2.2. Generation of Different Kinds of Nanobubbles

Nanobubble water was produced by a ultra-micro bubble generator (XZCP-K-1.1) (100 nm to 10 μm) provided by Xiazhichun Co. Ltd. (Kunming, China). When the generator was turned on, gas from a gas cylinder was pumped into the machine in a negative pressure, and inlet and outlet pipes were immersed in deionized water/electrolyte solutions in the 10 L glass container where there was a circulation between the inlet and outlet, as shown in Figure 1A. The machine mixed the gas and liquid, and then high-density, uniform and “milky” nanobubble water (Figure 1B) was produced through a nozzle by the hydrodynamic cavitation method. The cloudy and milky nanobubble water gradually became clear through the process of the microbubbles rising and collapsing at the air–water interface (Figure 1C). This process took 2 to 3 min (Figure 1D). The machine worked for 15 min to generate high number density nanobubble water of more than 10⁸ bubbles/mL (obtained from NanoSight, NS300, Malvern (Worcestershire, UK) outsourcing).

Procedure of nanobubble generation. (A) Before generation; (B) During generation of micro-nano bubbles; (C) Stop the generation of bubbles; (D) After standing for 2 to 3 min.

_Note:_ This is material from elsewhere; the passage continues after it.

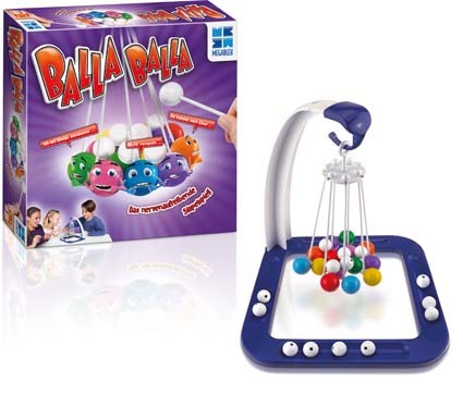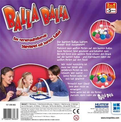 Artikelnummer: 12-678483 Kategorien: Hort, Spiel und Spaß, Spiele Schlagwörter: Geschicklichkeit, Hort, Kugel, SpielRote, blaue, gelbe, grüne – die bunten Ballas hängen cool ab und halten immer fest zusammen. Doch wieso bibbern die bunten Ballas so bitterlich? Über ihren Köpfen braut sich Unheil zusammen. Die Spieler platzieren Runde um Runde ihre weißen Kugeln auf der bunten Ballas-Traube. Hier ist Geschick gefragt, denn jede weitere Kugel erhöht den Druck auf die Ballas.

After the above-mentioned preparation steps, the nanobubble water had a temperature of about 313 K. It was then left to cool down to room temperature. Next, from the prepared nanobubble water, the large sizes of the bubbles, from 1 to 10 μm, were removed by centrifugal treatment in the following manner. The nanobubble water was stored in a 50 mL centrifuge tube; then, centrifugal treatment was performed in 6000 rpm, i.e., 31.4 m/s peripheral velocity, for 6 min to remove possible impurities and large bubbles. After centrifugation, the size distribution, zeta potential, Eh and pH were measured from one centrifuge tube to record the first day’s data while other sealed centrifuge tubes with nanobubble water were kept at room temperature (298 K) for continuous measurements.